Problem
Please copy exactly the part of the records below that opens with the line containing "中学3年生は調理実習でお菓子" and closes with the line containing "Derby Samurai 3", leaving out any pictures.

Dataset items
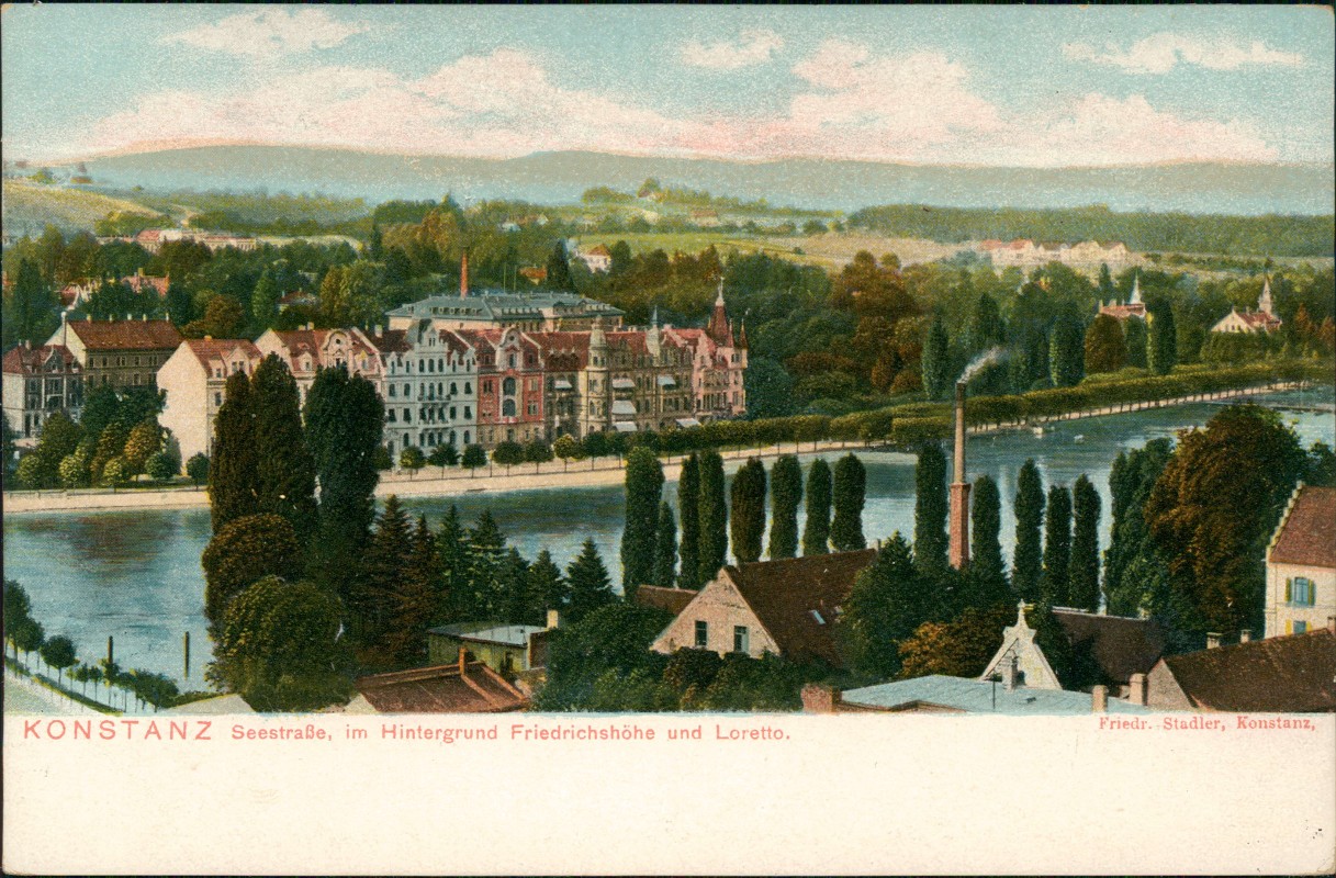Ansichtskarte: Seestraße, im Hintergrund Friedrichshöhe und Loretto. - Konstanz
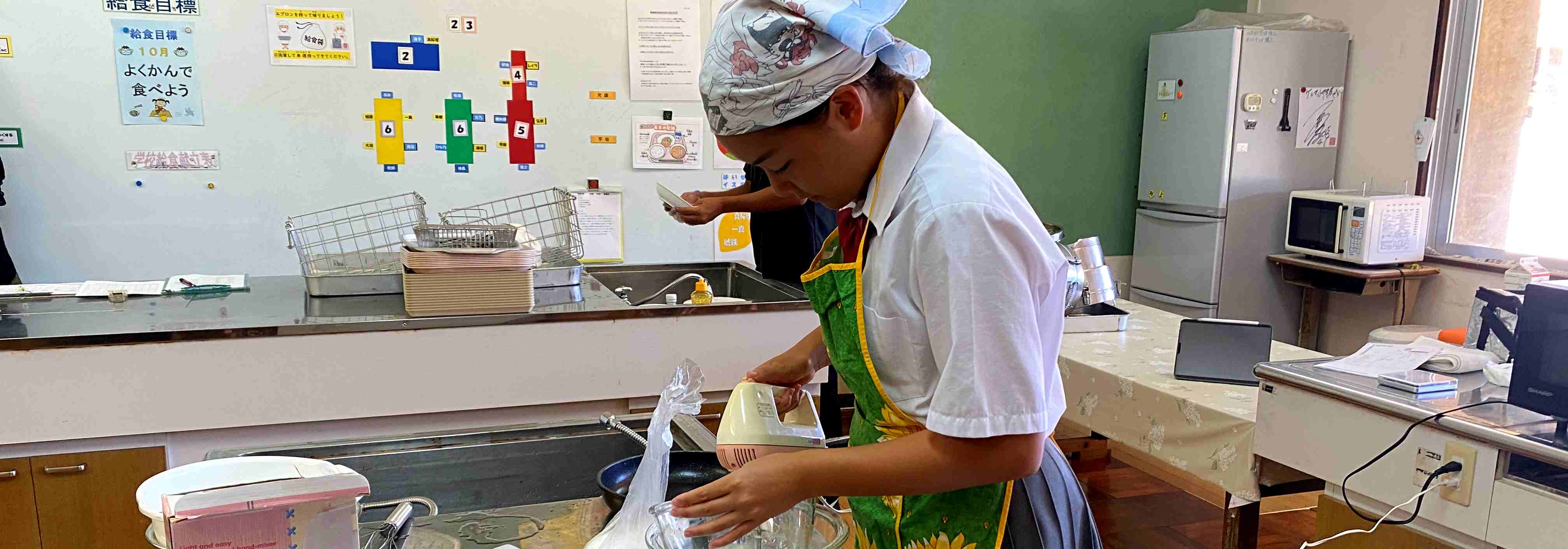 中学3年生は調理実習でお菓子作りに挑戦しました。卵白と砂糖を上手に泡立て、人参やほうれん草などのペーストを混ぜ込んで丸めていきます。2時間でとても美味しい「たまごボーロ」が完成しました。
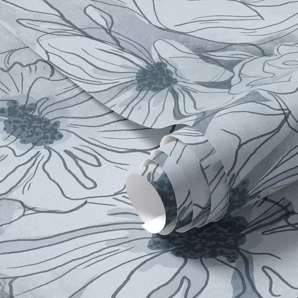 Papiers peints Fleurs linéaires dans une palette gris-bleu froide Nr. a00636v2
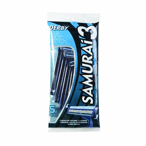 Derby Samurai 3 Triple Blade, Disposable Razor, 5 count
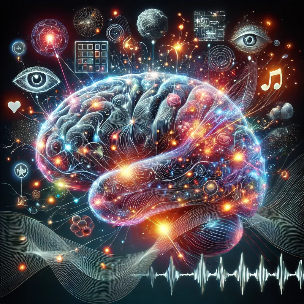 Here is a conceptual image that visualizes the activation-synthesis model of dreaming. It shows the brain during REM sleep, with electrical signals firing and synthesizing random memories, emotions, and sensations into a dream. The dynamic activity in the brain, represented by glowing connections and abstract symbols, reflects how the brain tries to make sense of random neural activity.
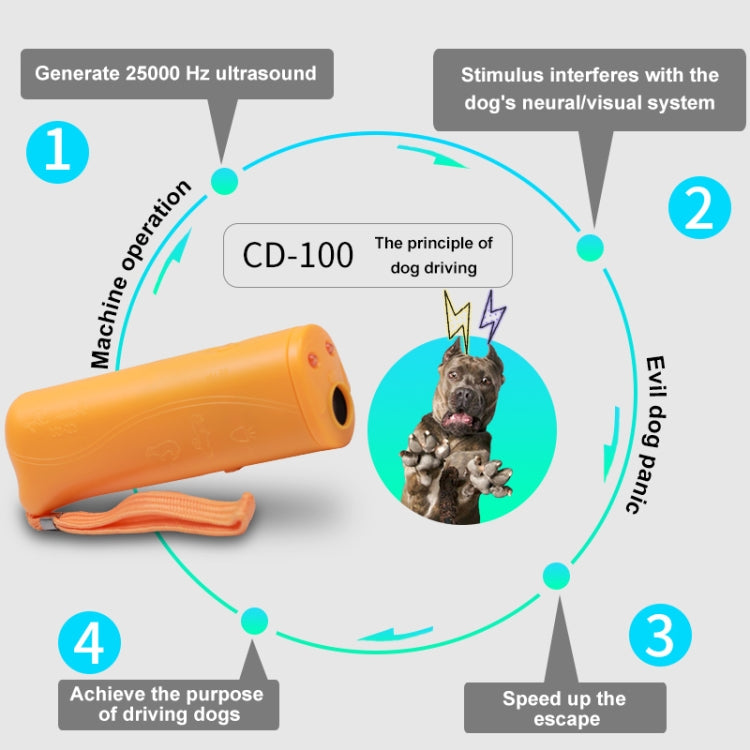 1) This training dog banish dog machine is based on the theory that ultrasonic more that 20KHZ, which is above the upper limit of the human hearing, but within the dog's, this Yellow Flash Light 2) Toy is a combination both sound and light, matching with super white light of LED.
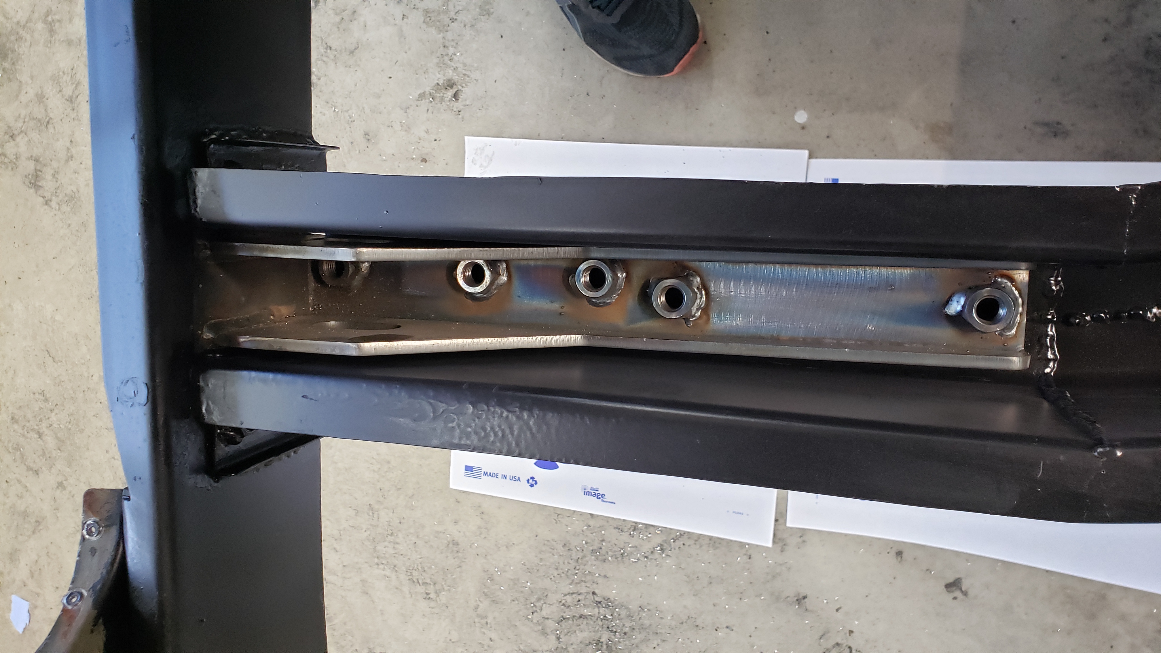 With everything painted up I finally welded in the frame rail. If you look close you’ll see nuts for the bumper mounts were welded in as well. The nuts are M10x1.5 flange nuts.
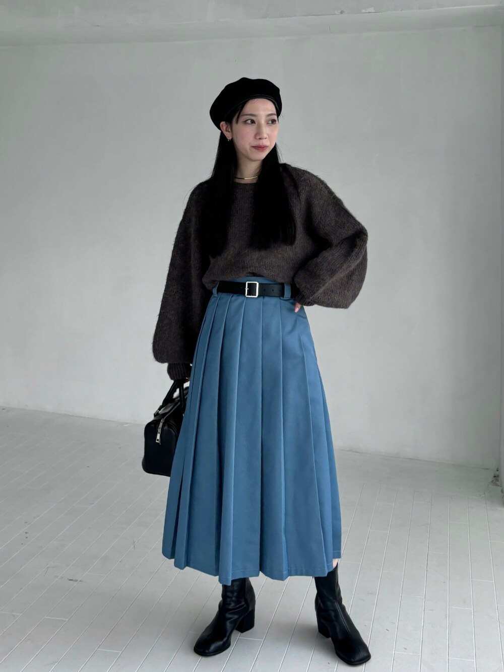 ミディ丈のプリーツスカートと小物でレトロ感のある外国風コーデ🧸👢
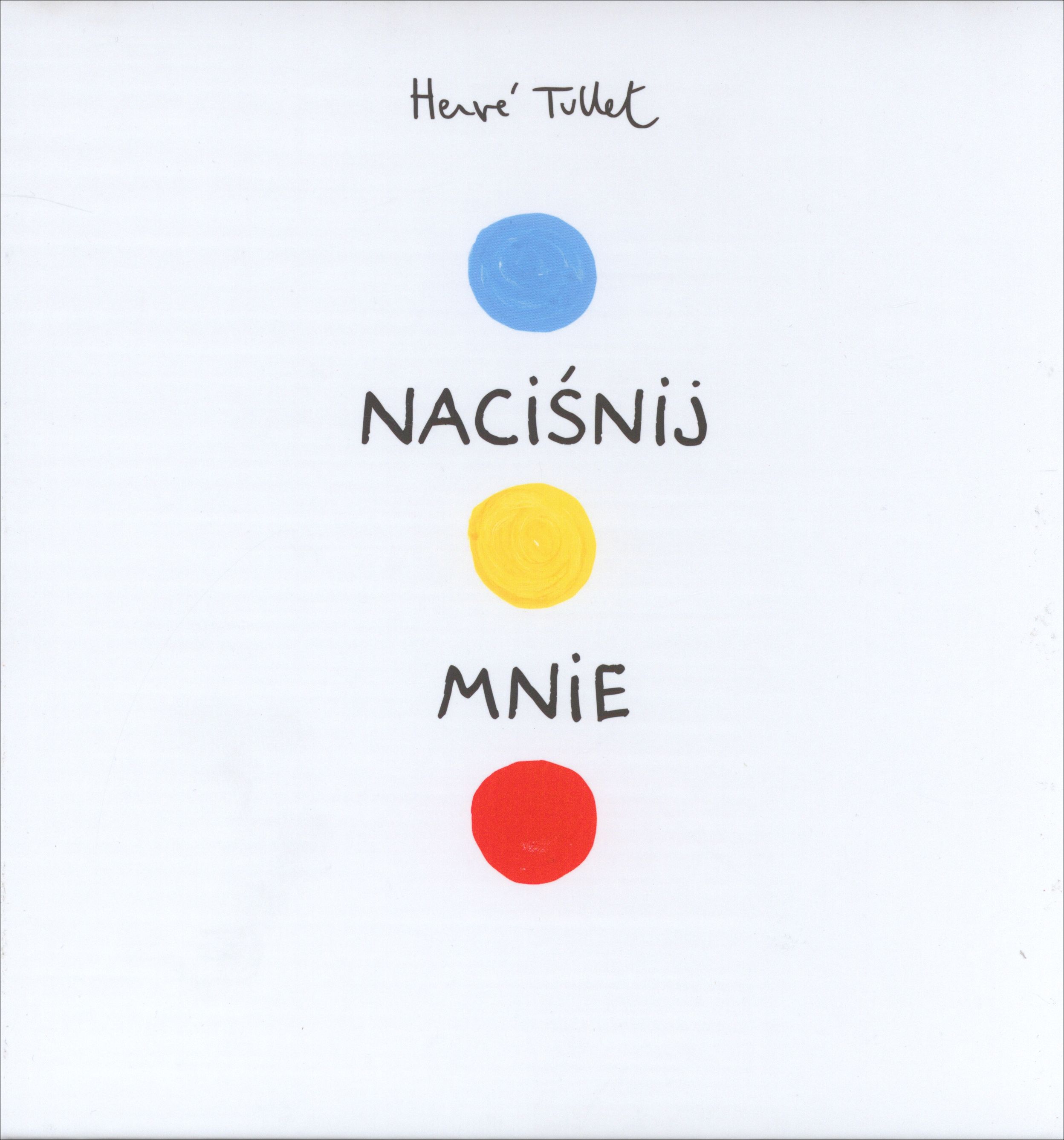 MNIE szybko stała się międzynarodowym hitem, a jej autor - Herve Tullet - jednym z najbardziej znanych i uwielbianych autorów książek dla dzieci. Interaktywna, kreatywna, edukacyjna - zachęca dzieci oraz dorosłych do wspólnej zabawy i nauki. To książka, którą trzeba przekręcać, na którą trzeba dmuchać, której trzeba klaskać... NACIŚNIJ MNIE została zaliczona do 10 najlepszych książek dla dzieci wg Amazon.com oraz do 11 najlepszych książek przez opiniotwórczy blog Huffington Post. Nagroda Główna w kategorii Kultura w konkursie Świat Przyjazny Dziecku zorganizowanym przez Komitet Ochrony Praw Dziecka. Laureat plebiscytu czytelników miesięcznika ""Dziecko"" (AGORA) - NAJLEPSZY PRODUKT ROKU - w kategorii ""Najlepsza książka dla dzieci"". Wydanie polsko-francuskie. W serii ukazały się m.in.: KOLORY, FIGLE MIGLE, OCH! KSIĄŻKA PEŁNA DŹWIĘKÓW, TURLUTUTU MAGICZNE PRZYGODY, TURLUTUTU NA WAKACJACH, ABRAKADABRA TURLUTUTU! x
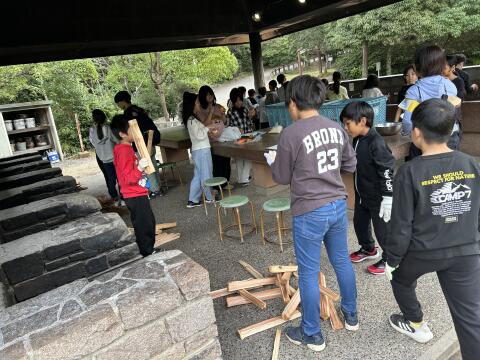 カレー作りが始まりました。班で役割を確認したり作り方を読んだりして、必要な物を撮りにいきます。
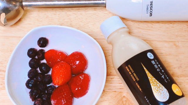 わたしは、毎朝、フルーツやヨーグルト、豆乳などのスムージーをのんでいます。この甘酒のレモン味をいちご、ブルーベリー、ヨーグルトと、スムージーにしてみました✩⋆*॰¨̮⋆。˚
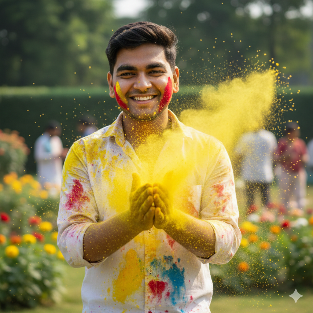 Ultra-realistic Holi festival portrait using my uploaded photo as the face reference, joyful young man smiling naturally, hands pressed together in front of chest covered in bright yellow Holi powder, vibrant yellow color powder exploding and flying across the frame, white button-up shirt splashed with multicolor paint stains (yellow, red, blue), red powder streak on one cheek, playful festive expression, dynamic powder particles frozen mid-air, outdoor garden background softly blurred with
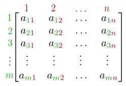 An (read 'm by n') is a matrix with rows and columns, and is the size of the matrix. The rows are counted from the top, and the columns are counted from the left.
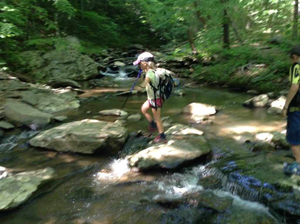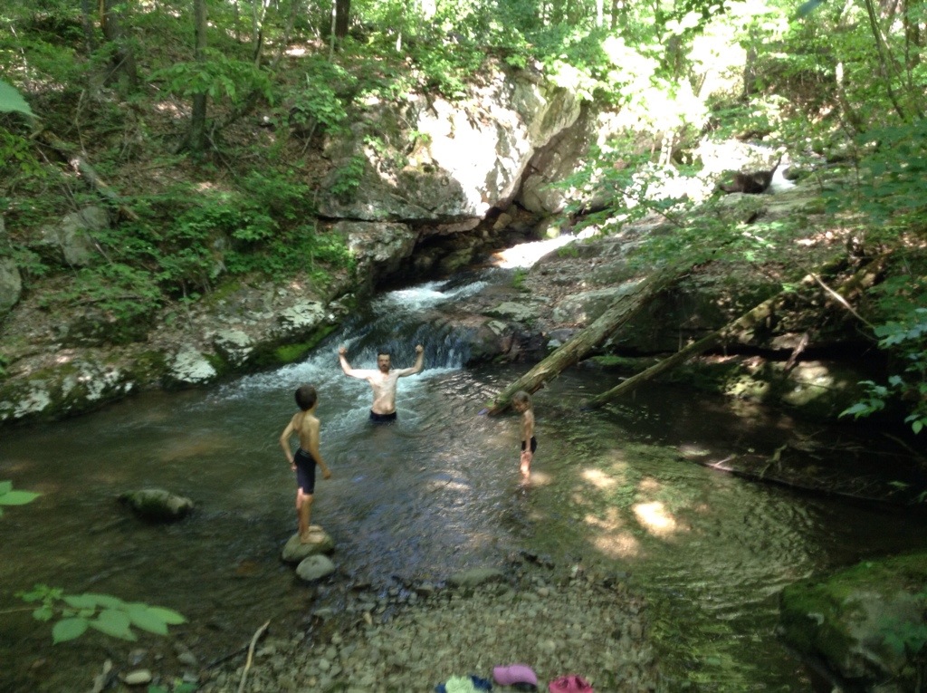 We have friends from the Maine USGS office (science for a changing world) who are down in Virginia doing some surface water sampling, so we hiked briskly to meet up with them by the end of the day, stopping to swim in a stream; stopping again to swim in a reservoir; stopping again to swim in a creek… We arrived at the road minutes before they rolled up in their large sampling van. We all piled in to head into town and enjoy a nice dinner and catching up on the goings on in Maine (the kids were excited to get a photographic update of all the things their friends Jack and Maeva have been up to back home–and the parents’ hearts go out to Collin who’s doing everything back home while Charlie is out sampling).
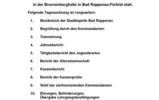 Datum & Uhrzeit: 2015-04-20 Autor: Axel Klumbach, Feuerwehr Bad Rappenau Die Jahreshauptversammlung der Feuerwehr Bad Rappenaufür das Berichtsjahr 2014 findet amSamstag, den 16.05.2015 um 19:00 Uhrin der Brunnenberghalle in Bad Rappenau-Fürfeld statt.Folgende Tagesordnung ist vorgesehen:1.Musikstück der Stadtkapelle Bad Rappenau2.Begrüßung durch den Kommandanten3.Totenehrung4.Jahresbericht5.Tätigkeitsbericht des
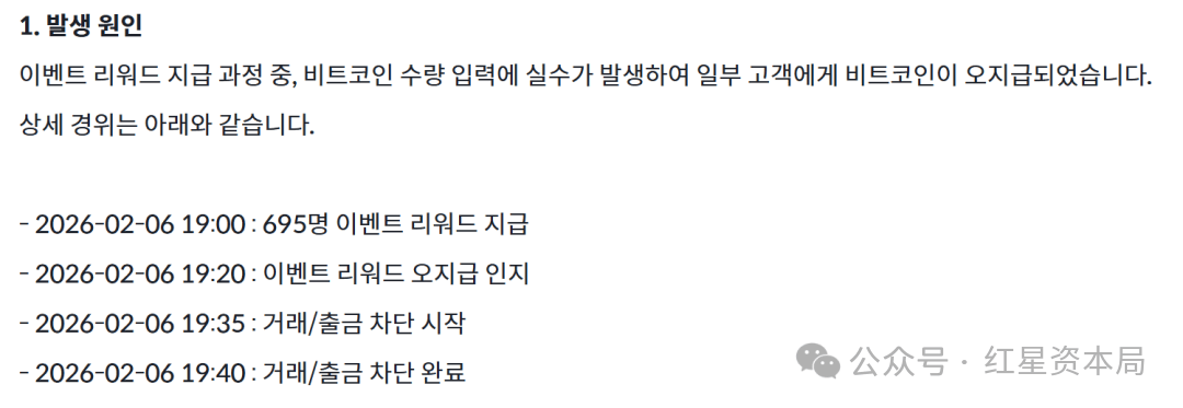 Bithumb事后发布的复盘公告显示,活动开始后经过20分钟发现“发的是比特币”,然后又花了15分钟启动阻止相关账户交易/提币的程序,到19点40分完成突发情况的处置。
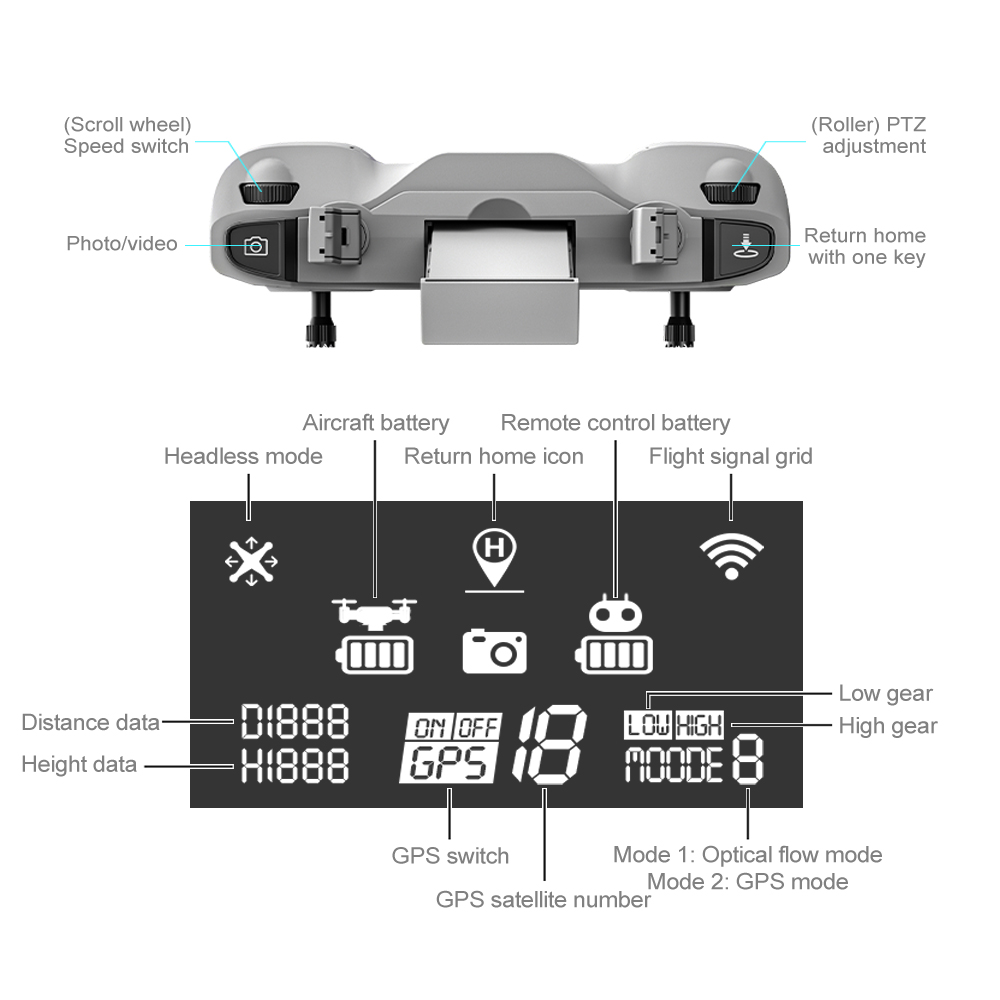 این کوادکوپتر حرفه ای دو دوربین با کیفیت برتر دارد. دوربین اصلی با رزولوشن FHD در جلوی کوادکوپتر قرار دارد که برای عکاسی و فیلمبرداری اصلی به کار میرود. دوربین دوم با رزولوشن HD زیر کوادکوپتر قرار دارد و هر زمان که میخواهید میتوانید از هر یک از دوربینها استفاده کنید. همچنین، میتوانید زاویه لنز دوربین اصلی را تا 90 درجه تنظیم کرده و زاویه فیلمبرداری و عکسبرداری گسترده و وسیع دوربین اصلی را تا 110 درجه تغییر دهید. تمامی این ویژگیها به شما امکان میدهند تا بهترین تجربه عکاسی و فیلمبرداری را با این کوادکوپتر داشته باشید.

Expected answer
 中学3年生は調理実習でお菓子作りに挑戦しました。卵白と砂糖を上手に泡立て、人参やほうれん草などのペーストを混ぜ込んで丸めていきます。2時間でとても美味しい「たまごボーロ」が完成しました。
 Papiers peints Fleurs linéaires dans une palette gris-bleu froide Nr. a00636v2
 Derby Samurai 3 Triple Blade, Disposable Razor, 5 count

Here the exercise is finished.